Bright spots & black holes: 2 of 2
Gadolinium enhancement" sees active inflammation
Gadolinium is a contrast agent. Infused into the bloodstream a few minutes before an MRI, it lights up areas where immune-system cells are leaking out of tiny blood vessels and into the central nervous system. This is a hallmark of active inflammation, a key event in the MS attack on myelin. (Normally, immune cells are kept away from brain tissues by the blood-brain barrier, a layer of specialized cells inside capillary walls.)
Studies show that a gadolinium-enhancing lesion lights up for three to six weeks and then fades. Thus these scans are indicators of active disease during the preceding 45 days or so.
Unfortunately, fading doesn't always mean a lesion has fixed itself and disappeared. It may remain on a "T2 weighted" MRI scan.
T2 weighted scans give a good one-year look back
The MRI computer program can produce pictures based on two different proton relaxation times, called T1 and T2 weighted scans.
The T2 scans reflect the level of disease activity in the preceding year. The lesions these scans reveal continue to show up as high-water bright spots after the gadolinium enhancements have gone away. They are referred to as plaques. Occasionally lesions repair themselves and disappear forever. Others re-inflame later on, sometimes again and again. Over time, scientists have learned, repeated inflammation changes their nature altogether.
T1 weighted scans reveal tissue loss
Dark areas on the T1 weighted scans point to loss of myelin and loss of the nerve fibers, or axons. These areas are named for what they look like: "black holes". The darker the spot, the more extensive the tissue loss. They develop where a lesion has been re-inflamed time and again.
As one clinician put it, "Black holes are where a plaque used to be. The area is now totally inactive."
Black holes do correlate with the clinical picture. Individuals with black holes have permanent disabilities.
"MTR" MRI zeroes in on tissue loss
MTR, or magnetization transfer ratio, delivers an extra pulse of energy to the protons that are bound to myelin and then measures how much of that energy is transferred to the free water nearby. These calculations allow researchers to estimate more precisely how much tissue damage has occurred in specific lesions.
"MRS" MRI sees more than water
Magnetic resonance spectroscopy, or MRS, brings MRI full circle because the technology was originally developed not to make images of human beings but to scan laboratory samples for the presence of specific chemicals. MRS can measure the amount of important marker chemicals in nerve cells and axons, including, for example, a key byproduct of nerve-cell breakdown, providing yet another way to calculate how much permanent damage has occurred.
Tractography
The potential of MRI for revealing bodily processes in action within a living human being has not peaked. Among the newer techniques is one called "tractography", or "diffusion weighted imaging" and "diffusion tensor imaging". Focusing on white matter (the myelin-dense areas of the brain), this technology can outline the individual fiber tracts of nerve cells.
Tesla magnet
MRI machines with much bigger magnets are also being developed. The garden-variety MRI device has a 1.5 Tesla magnet, roughly as powerful as the magnets used in junkyards to pick up automobiles. An experimental 8 Tesla magnet at the University of Ohio has produced extraordinarily detailed images--and is so powerful it unhooked the bra of a visitor standing at a respectful distance outside. MRI will continue to provide scientists with insights on MS.
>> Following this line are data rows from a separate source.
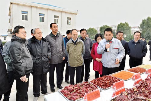 市長鄭連生帶隊(duì)觀摩五寨縣辣椒深加工項(xiàng)目。(本報(bào)記者 馮曉磊 攝)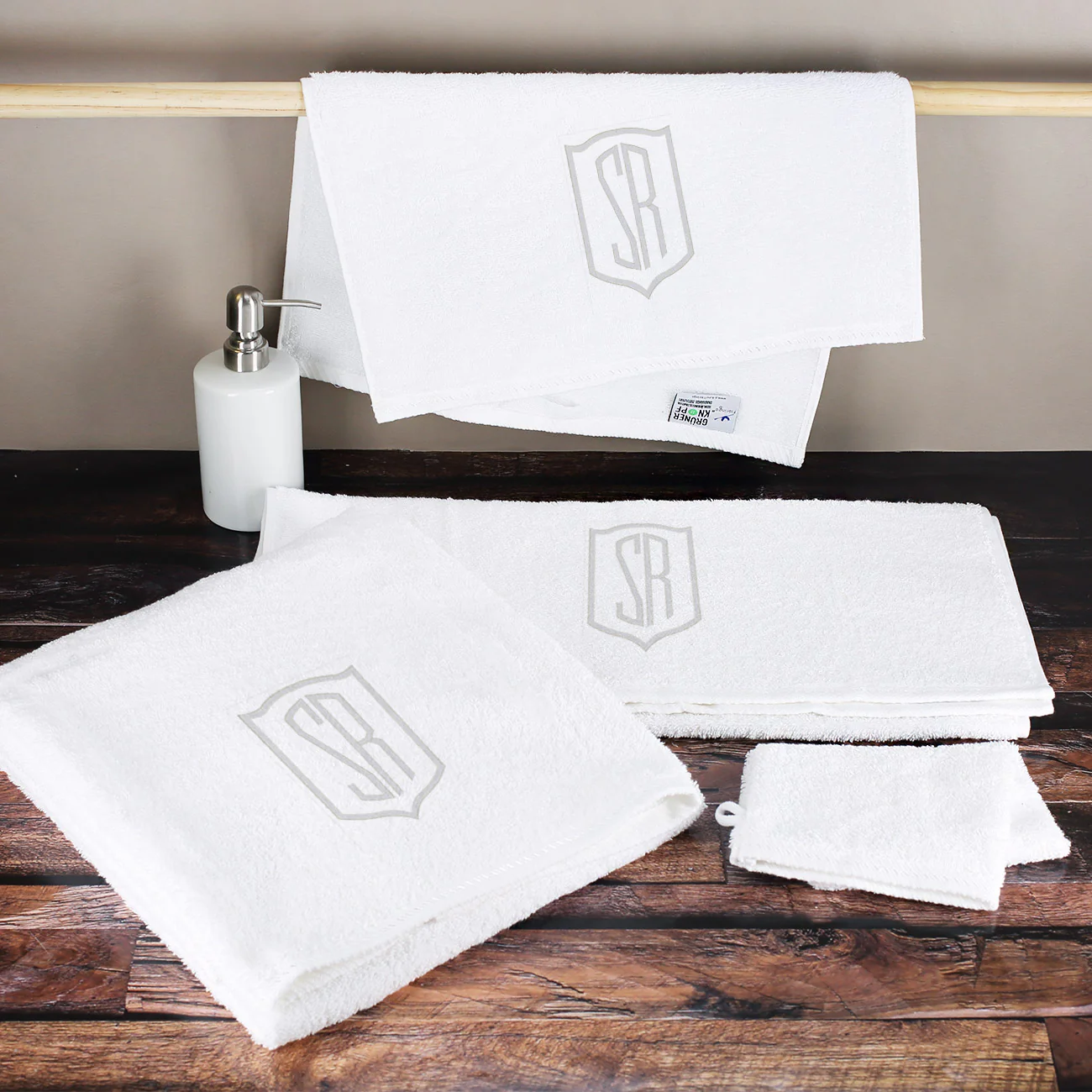 Hochwertiges, weißes Handtuch Set mit Initialen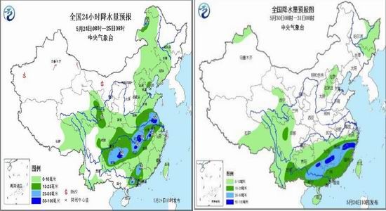 預(yù)計(jì)未來10天(5月24日至6月2日),主要降雨區(qū)位于江南、華南,累計(jì)降雨量有50-90毫米,部分地區(qū)有100-160毫米,局地可達(dá)180-260毫米。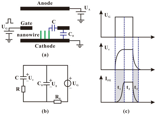 So far, the temporal responses of several kinds of quasi-one-dimensional field emitters have been reported. It is found that the response time of CNT can be down to ~100 ns [19,20], while that for individual SiC nanowire is ~1 ms [21]. For ZnO nanowire, the response time is tens of microseconds in a MOSFET controlled device [22]. Here, it should be noted that the plasma-induced electron emission [23,24,25] is not considered since it requires a pulsed voltage of more than 104 V, which is difficult to apply in a gated structure. This large difference in response time from different materials is related to the charging process under the pulsed driving voltage. Basically, in a gated field emitter device, as shown in Figure 1a, there are two charging processes. One is due to the capacitance C0 between gate and cathode electrodes that induces a delay for the actual voltage on the gate Ug. The other is due to the capacitance C between gate and emitter that induces a delay for the actual voltage difference Uc. The equivalent circuit can be seen schematically in Figure 1b, where R and R0 are the resistance of the emitter and electrode, respectively. Compared to CNT, SiC and ZnO nanowire have higher resistance due to their wide-bandgap semiconductor properties (for SiC nanowire, its piezoresistive effect further increases its resistance [21]), resulting in a longer delay for Uc as well as the field emission current IFE (note that the time for turning on and off IFE, as denoted by t1 and t3 in Figure 1c, is the response time). Therefore, to improve the response speed of a gated ZnO nanowire field emitter, one needs to reduce its nanowire resistance, which can be realized by tunning the resistivity or geometrical structure of the nanowire.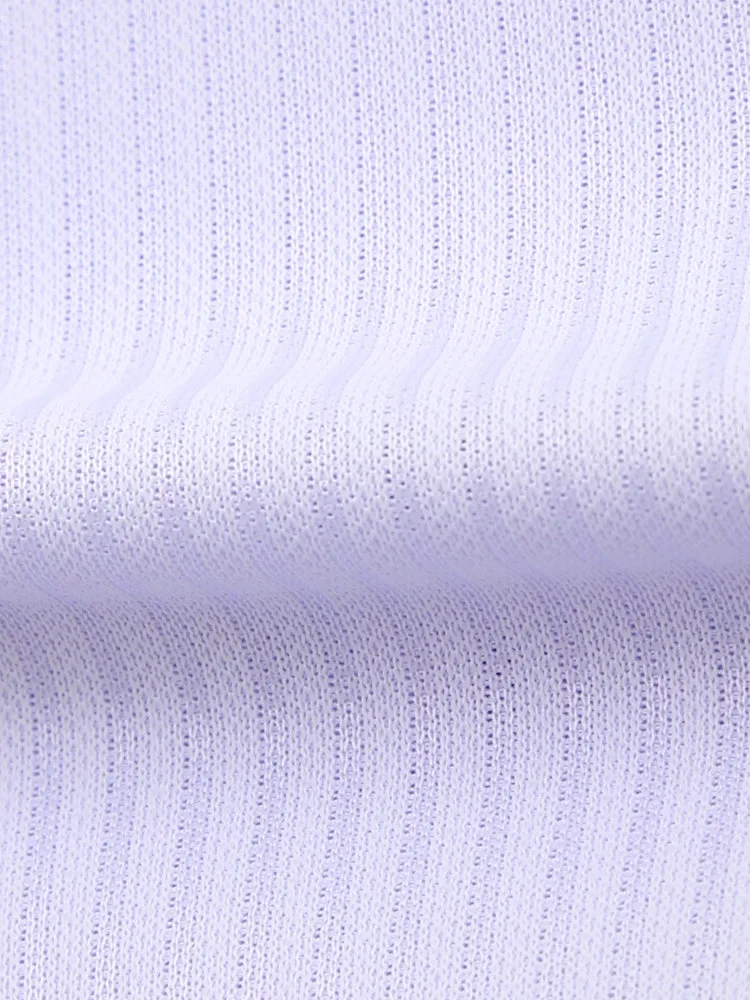 こだわりの日本製生地はソフトなポリエステルニットで、スポーツウェア等にも使われる高機能素材。体の動きに合わせて生地が伸び縮みする高いストレッチ性が特徴で、動作時の負荷が少なく着用ストレスも軽減します。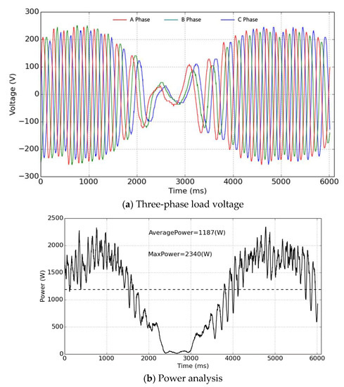 In addition, if the ocean wave period is longer than 5.5 s, in the case of 8.5 s, the output load voltage of the double-buoy OWECS is as shown in Figure 9a,b, along with the average power (1.187 kW) and maximum power (2.34 kW). Furthermore, according to Equation (9), the experiment conversion efficiency from ocean wave power into electric power is 3.4%.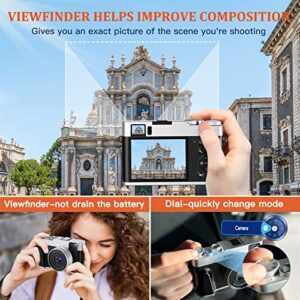 CAMKORY 4K Digitalkamera mit Autofokus, 32G Karte, 48MP, optischem Sucher, Blitz, Moduswahl, 16x Zoom, Bildstabilisierung, 2 Akku und einfacher Bedienung für Einsteiger und Vlogging.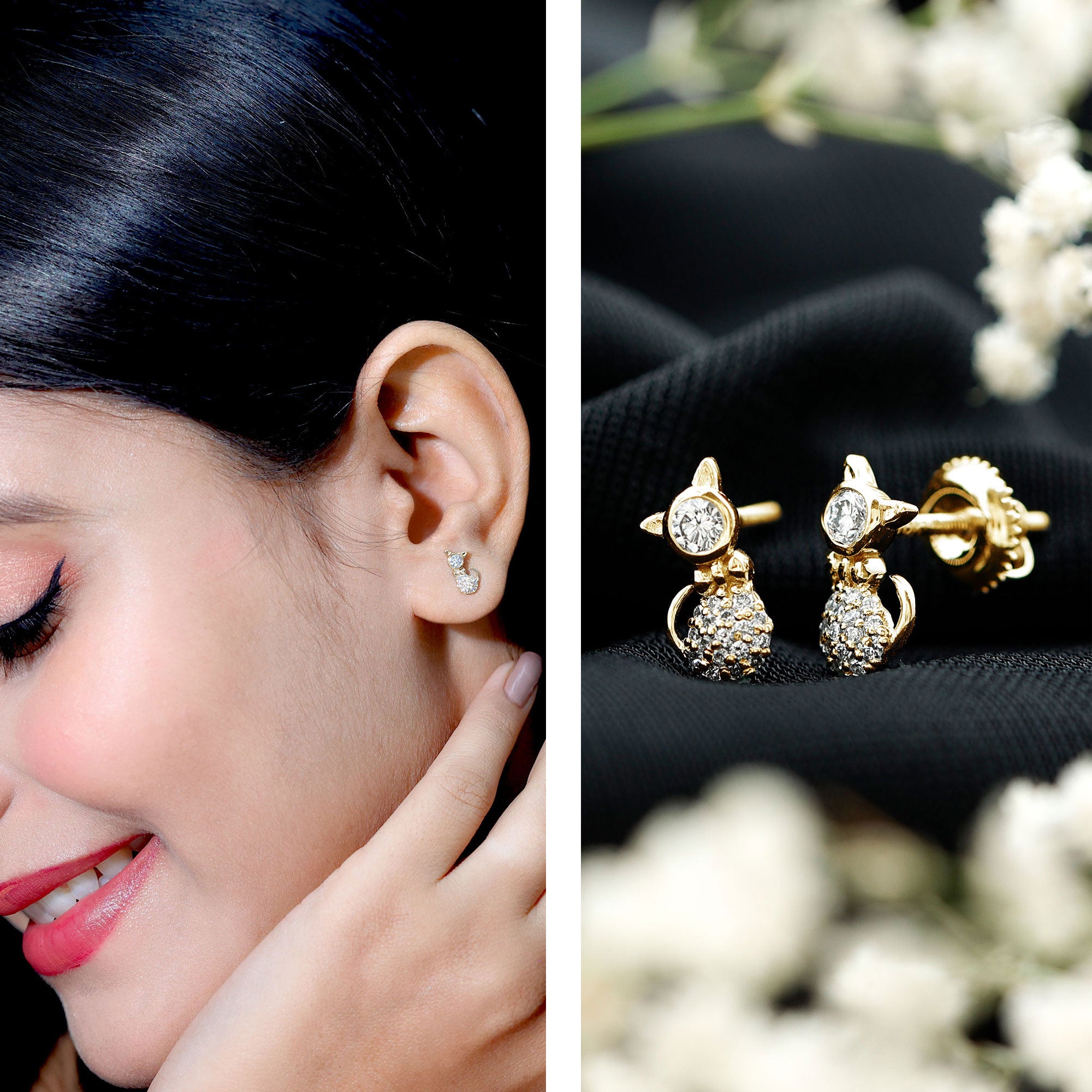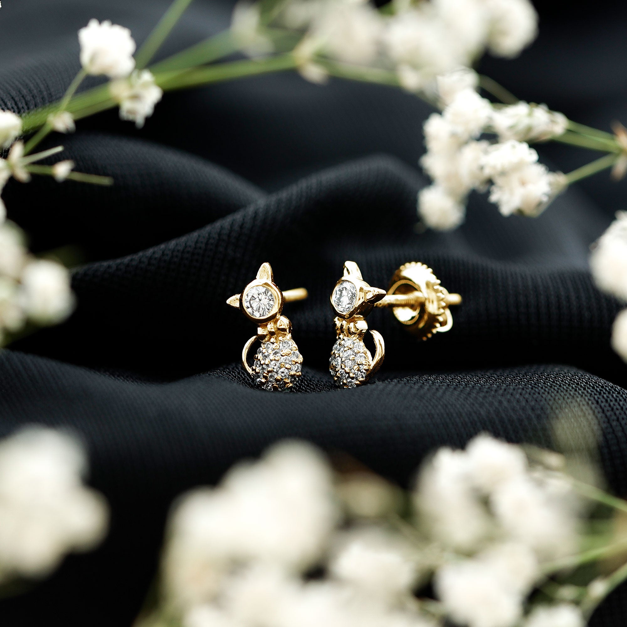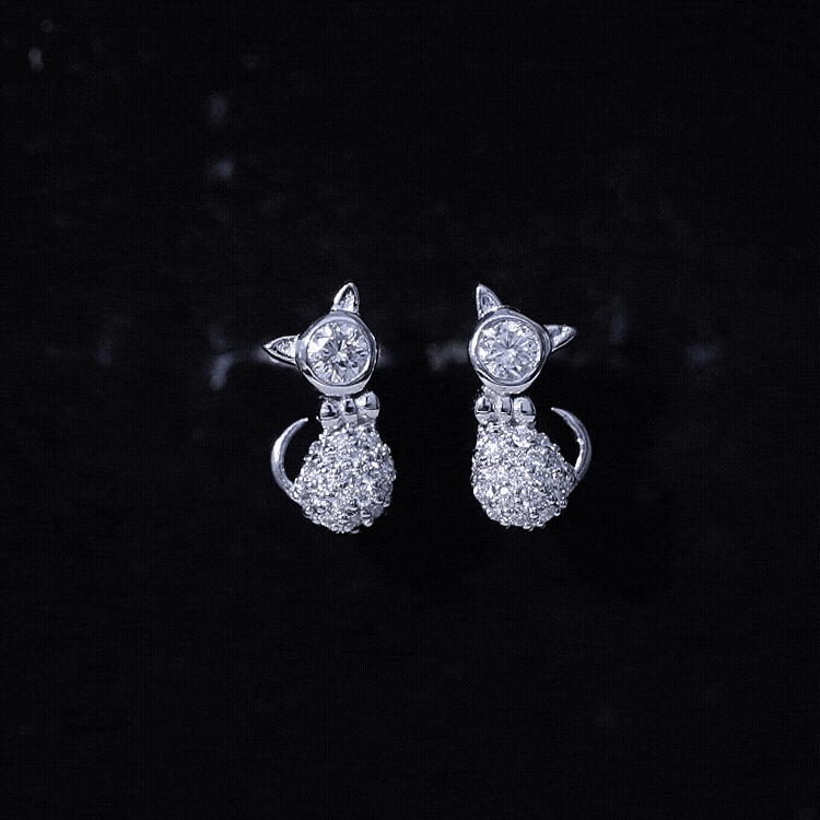 Certified Diamond Cat Kitty Earrings

How often should I have an MRI?
Most of the MRI applications described here are for research studies only. They are done to answer questions about MS, not to guide the care and treatment of an individual. Frequent, or "serial", MRIs produce useful research information only if head position, scan power, and other factors are replicated exactly.
Some specialists advise patients to ask for an MRI every two years, An MRI helps clarify those hidden exacerbations. We can see if a disease-modifying therapy is doing its job. And for those who are not on therapy, we can track changes, which may help persuade the person to opt for therapy after all.
Other specialist feel that an MRI offers little help on how to treat most of his patients once they have been diagnosed. The data on adjusting treatment based on MRI changes alone just aren't conclusive yet. Many change medications in response to side effects or other clinical factors.
In short, like so much else in MS, the answer varies from person to person and from circumstance to circumstance.